Statistical Testing

Statistical Testing#

Learning Objectives

Identify the components of hypothesis testing.
Construct a hypothesis test for a scientific problem to determine if observations come from one of two distributions.
Perform likelihood ratio test to evaluate hypothesis with a specific level of certainty.

Statistical Hypothesis#

In section Parametric Distributions we discussed how several parametric models can “sort of fit” the empirical distribution. Now suppose that we want to limit the choices and we only want to compare two specific models and decide which one is “more probable”. The two models can follow the same family of distributions but with two sets of parameters, for example, normal with two different means, or we can compare the normal distribution to some other non-symmetric distribution. Based on these two options, we can design two hypotheses:

\(\mathcal{H_0}: X \sim p_0(\theta_0),\)

\(\mathcal{H_1}: X \sim p_1(\theta_1),\)

where \(p_0(\theta_0)\) and \(p_1(\theta_1)\) are the two different distributions with their corresponding parameters. \(\mathcal{H}_0\) is referred to as the null hypothesis and \(\mathcal{H}_1\) as the alternative hypothesis.

Hypothesis Test#

We would like to come up with a decision strategy based on which to determine if the data supports a certain hypothesis. A hypothesis test uses a test statistic which is a function of the sample, based on the outcome of which we can distinguish between the two hypotheses. If we assume that the null hypothesis is true, and calculate the distribution of the test statistics under the null hypothesis, we would like to reject the null hypothesis if we observe that the probability of the observed test statistic is low. The region for which the null hypothesis is rejected is called a critical region.

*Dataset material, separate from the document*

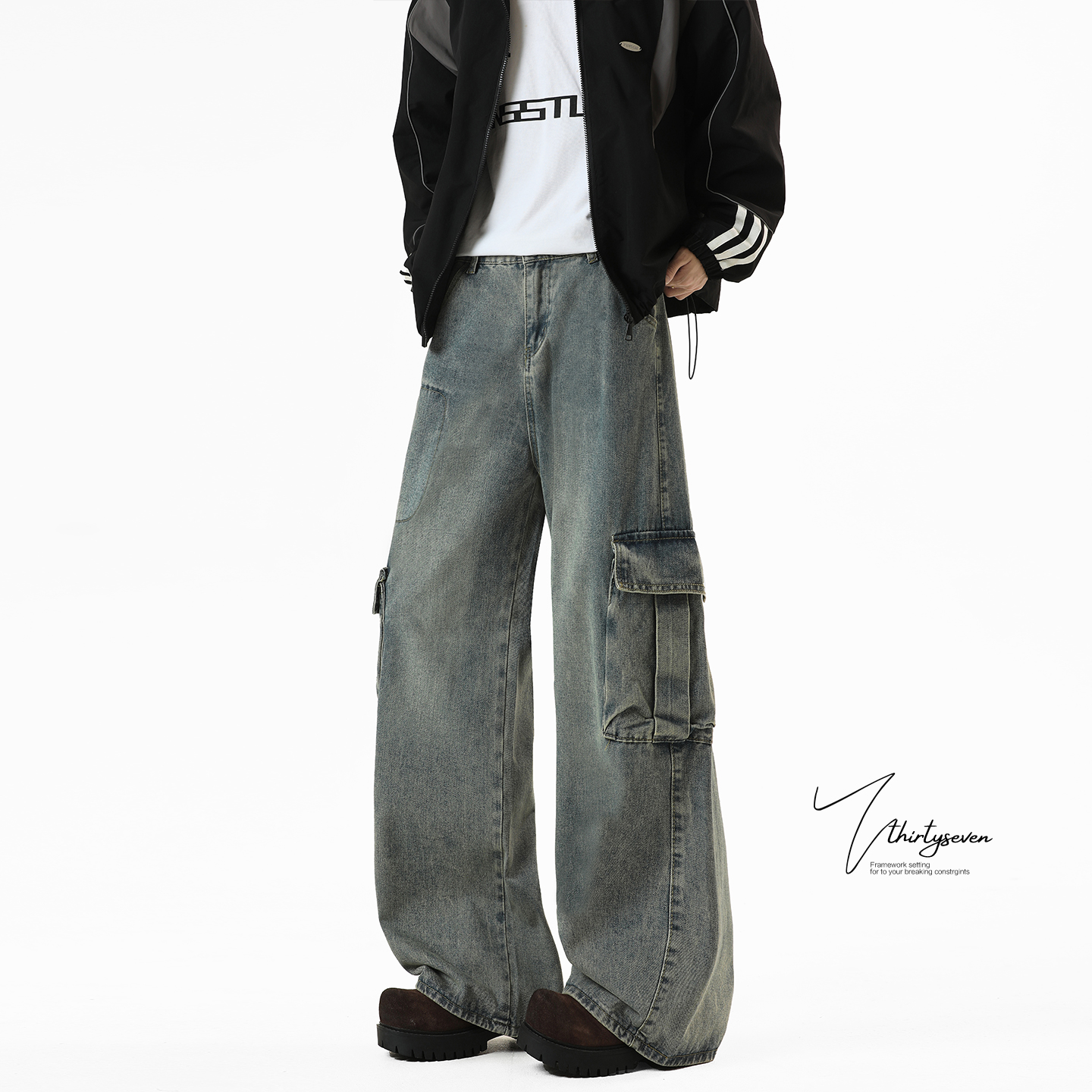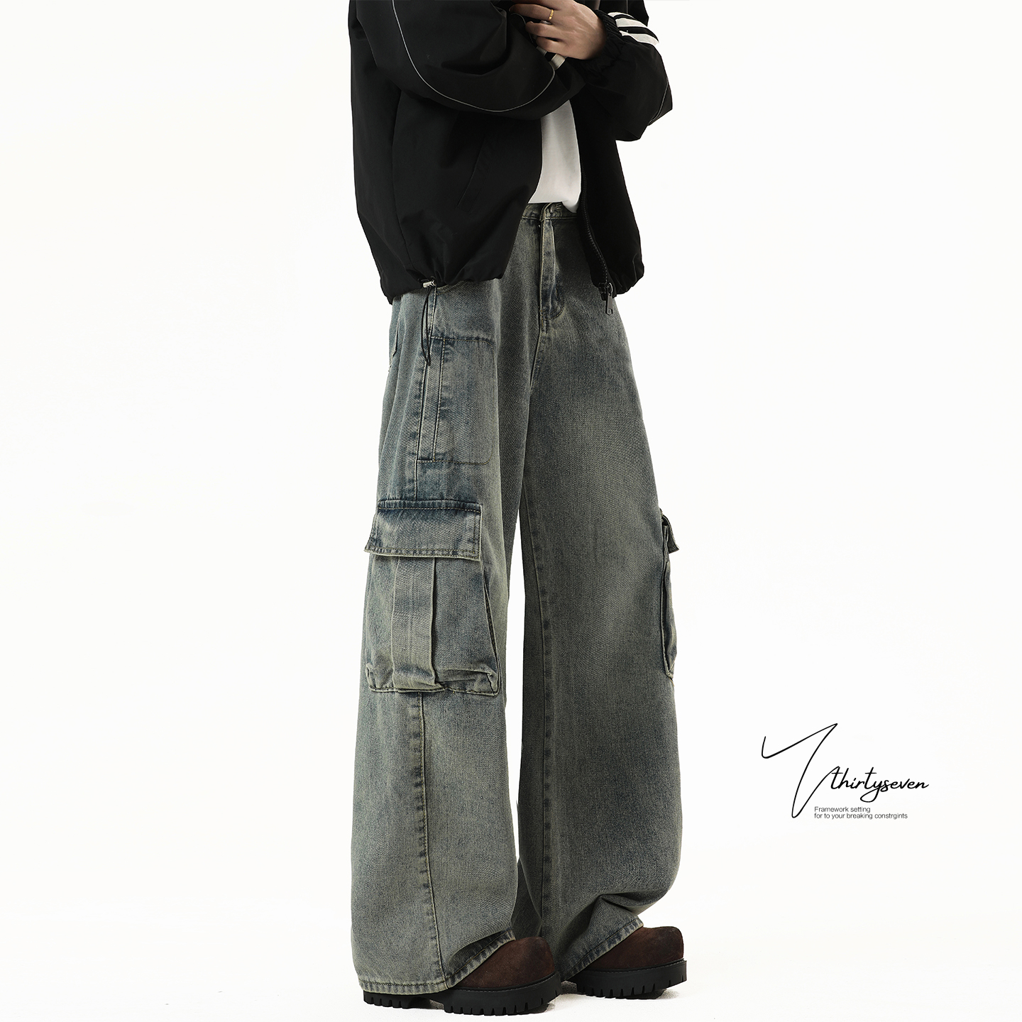 宽松阔腿拖地裤 美式 男秋潮牌水洗做旧直筒长裤 牛仔裤 子 复古蓝工装

How can we come up with such a test statistic and the cutoff for rejection? We need to accepts that we will make some errors.

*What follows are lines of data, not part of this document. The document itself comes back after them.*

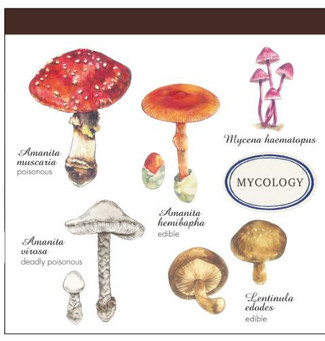 For the mycologist in the family - or the one who is intrigued by fungi, this cute 4" square working notepad is a must-have! Perfect size for doodling, writing TODO notes or keeping it professional at work. The plastic overlay cover depicts a variety of mushrooms and the pad contains 4 patterns of illustrations on the 100 sheets of paper provided. Distributed by Green Flash's Study Holic series.
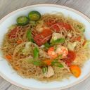 The pancit looks inviting but disappoints in flavor the noodles lack depth, and the sauce is too watery to tie the dish together.
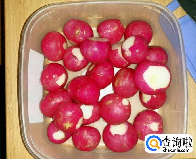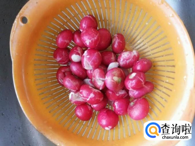 首先我们把水果萝卜的叶子摘去,然后把表皮洗干净后备用
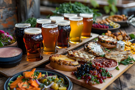 Group of beers served on wooden table in pub. Beer and snacks.
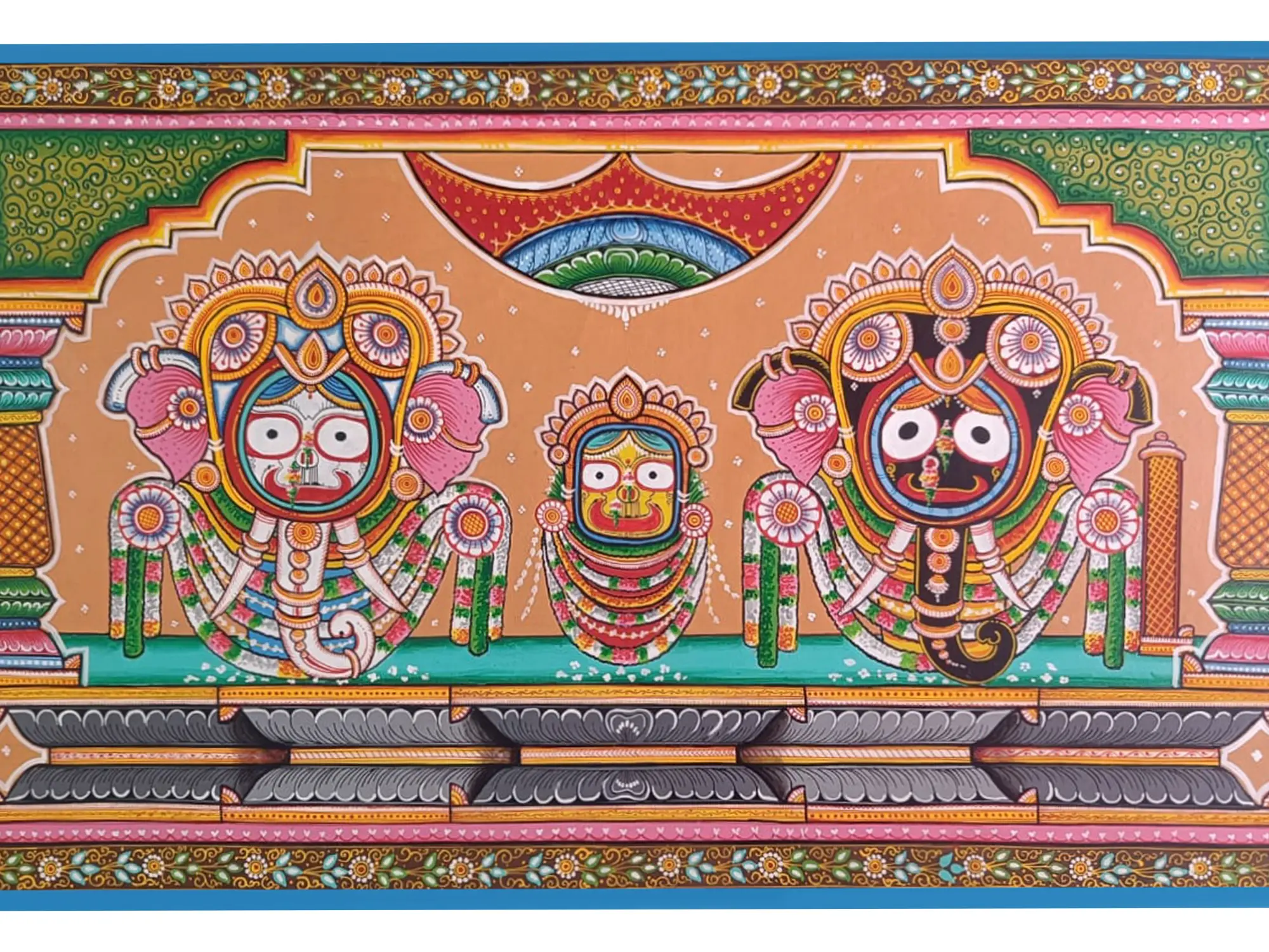 The divine trio of Lord Jagannath, Subhadra, and Balarama embodies profound spiritual significance and celestial grace in Hindu mythology. Lord Jagannath, revered as the lord of the universe, stands at the centre, radiating divine benevolence and cosmic harmony. His serene countenance and majestic presence symbolise the eternal cycle of creation, preservation, and dissolution. Beside him stands Subhadra, the embodiment of divine love and sisterly affection.
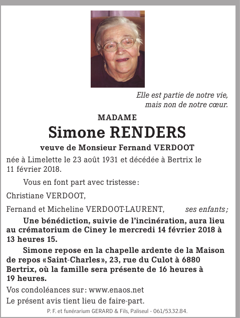 Died in Bertrix (6880) on 11 February 2018 at the age of 86 years
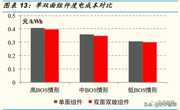 1)双面发电组件在不同场景下的发电量增益差距较大,度电成本优势 也需根据项目情况详细测算,其价值难以直观、统一、标准化地衡量;
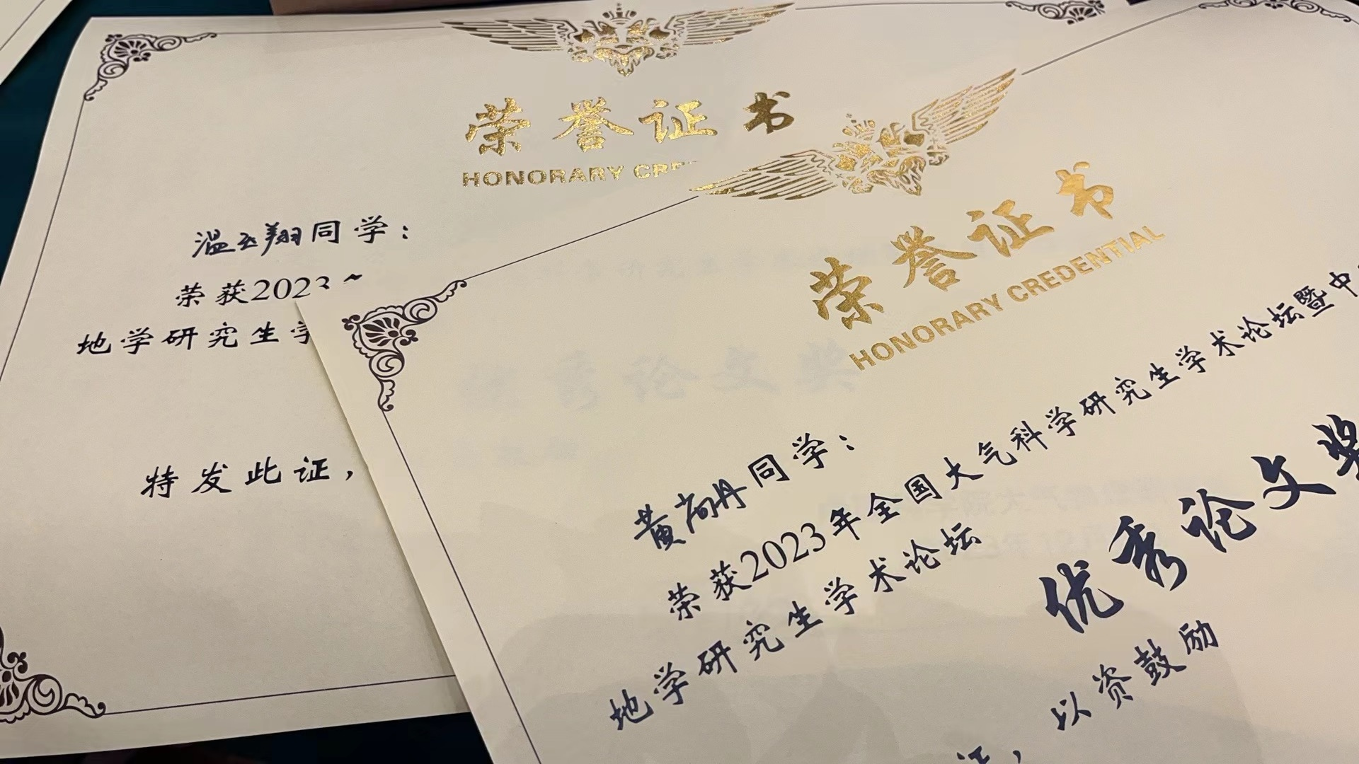 我院黄尚丹与温玉翔两位同学参加了此次会议,在论坛期间深入参与各项活动,聆听了来自全国各高校的专家、青年学者以及研究生们的学术报告和专题研讨。同时就气象探测天气雷达相关领域对自己的研究成果开展了口头汇报,与其他高校师生就各自的研究成果与科研经验进行了深入交流。同时,两位同学均凭借出色的汇报,在此次论坛中荣获“优秀论文奖”。
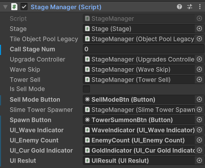StageManager의 Inspector에서 보면 밑에 컴포넌트로 부착한것들을 전부 등록하여 사용하고있다.
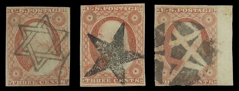 1852, 3¢ dull red, type II - Star Cancels, group of three comprising Intertwined Star of David of Chicopee, Five-Point Star and Negative Incised Five-Point Star, plated 97R3, 69L1L and 50L3, Very Fine star cancel trio.

Null hypothesis is	TRUE	FALSE
Not Rejected	Correct	Type II Error
Rejected	Type I Error	Correct

The probability of Type I Error is called a significance level and usually denoted by \(\alpha\).

The probability of Type II Error is denoted by \(\beta\), and the power of the test is \(1-\beta\).

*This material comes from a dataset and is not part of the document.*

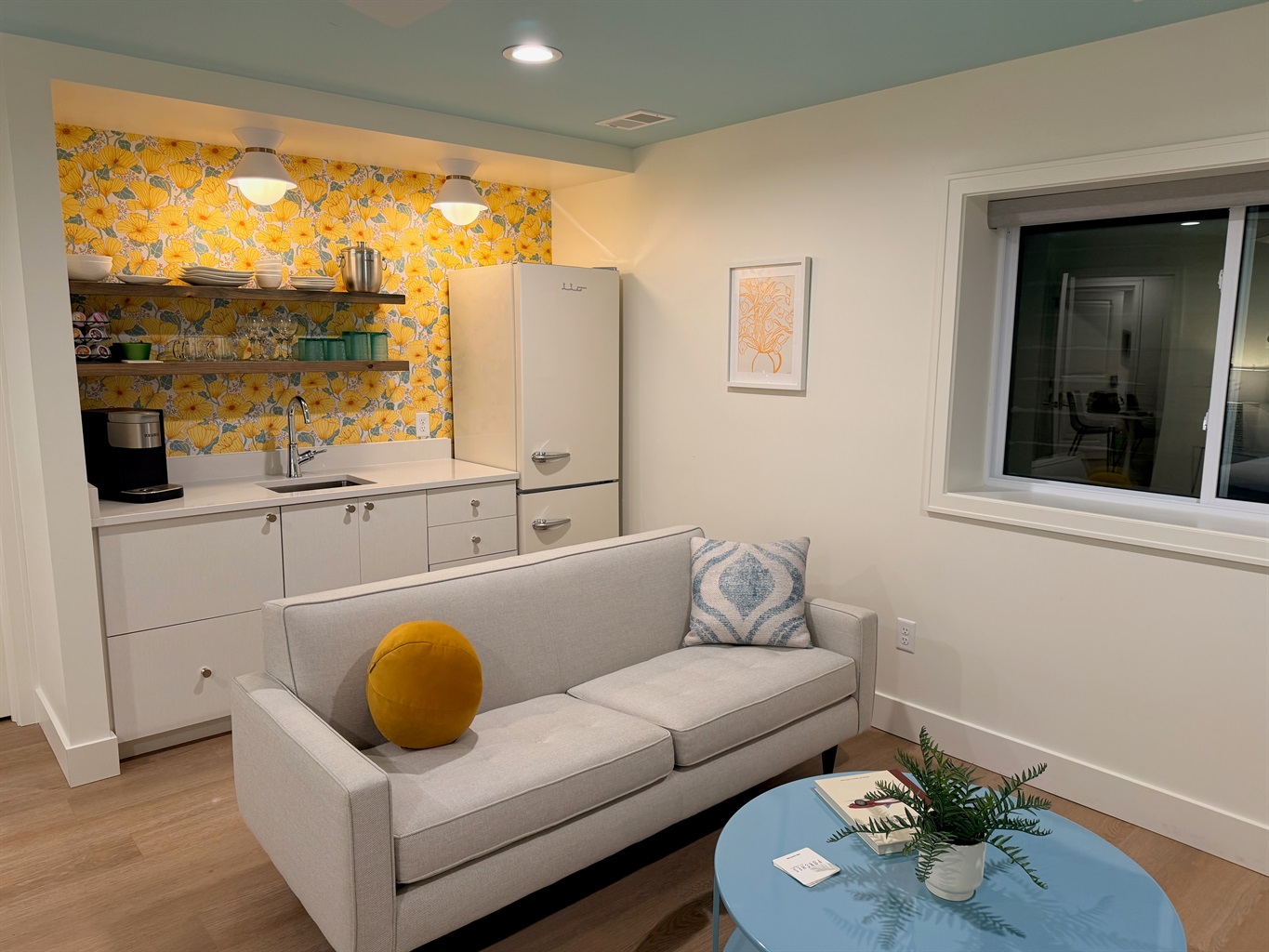 * Inviting living area with a fully equipped kitchenette, dining space, and comfortable seating.

To design a “good test” one needs to juggle both errors.

../_images/03f4eced5d591b2b8a0f5b9540ed39dcb26503102b7e10338fb4ac7c71db03ac.png

Likelihood Ratio Test#

Suppose \(X\) was a discrete variable. Then the probability of observing \(x\) under each hypothesis is equal to the likelihood function of each model evaluated at \(x\). So a measure of which hypothesis is “more likely” is the ratio of the likelihoods and we can design a test statistic based on it:

\[\Lambda(X) = \frac{\mathcal{L}(\theta_0|X)}{\mathcal{L}(\theta_1|X)}\]

and a test, with a significance level \(\alpha\):

Reject \(\mathcal{H_0}\):\(\hspace{38pt}\Lambda(x)\le c\),

Do not reject \(\mathcal{H_0}\):\(\hspace{10pt}\) \(\Lambda(x)> c\),

where \(c\) is chosen so that \(P(\Lambda(X)\le c|\mathcal{H_0}) = \alpha\).

Such a test can be specified also for continuous distributions.

Note

It turns out that the likelihood ratio test is the most powerful test among the tests of significance level \(\alpha\)! Many of the popular tests in statistics are likelihood ratio tests.

Noise Detection Example#

We want to determine whether noise is present in the environment. If there no noise, we assume that the distribution of the ambient noise follows a Gaussian distribution. If there is ship noise, the distribution will be skewed. The alternative hypothesis is that the observations are from skew normal distribution.

\(\mathcal{H_0}: X \sim \mathcal{N}(\mu_0, \sigma_0^2)\)

\(\mathcal{H_1}: X \sim skew\mathcal{N}(\alpha_1, scale_1, loc_1)\)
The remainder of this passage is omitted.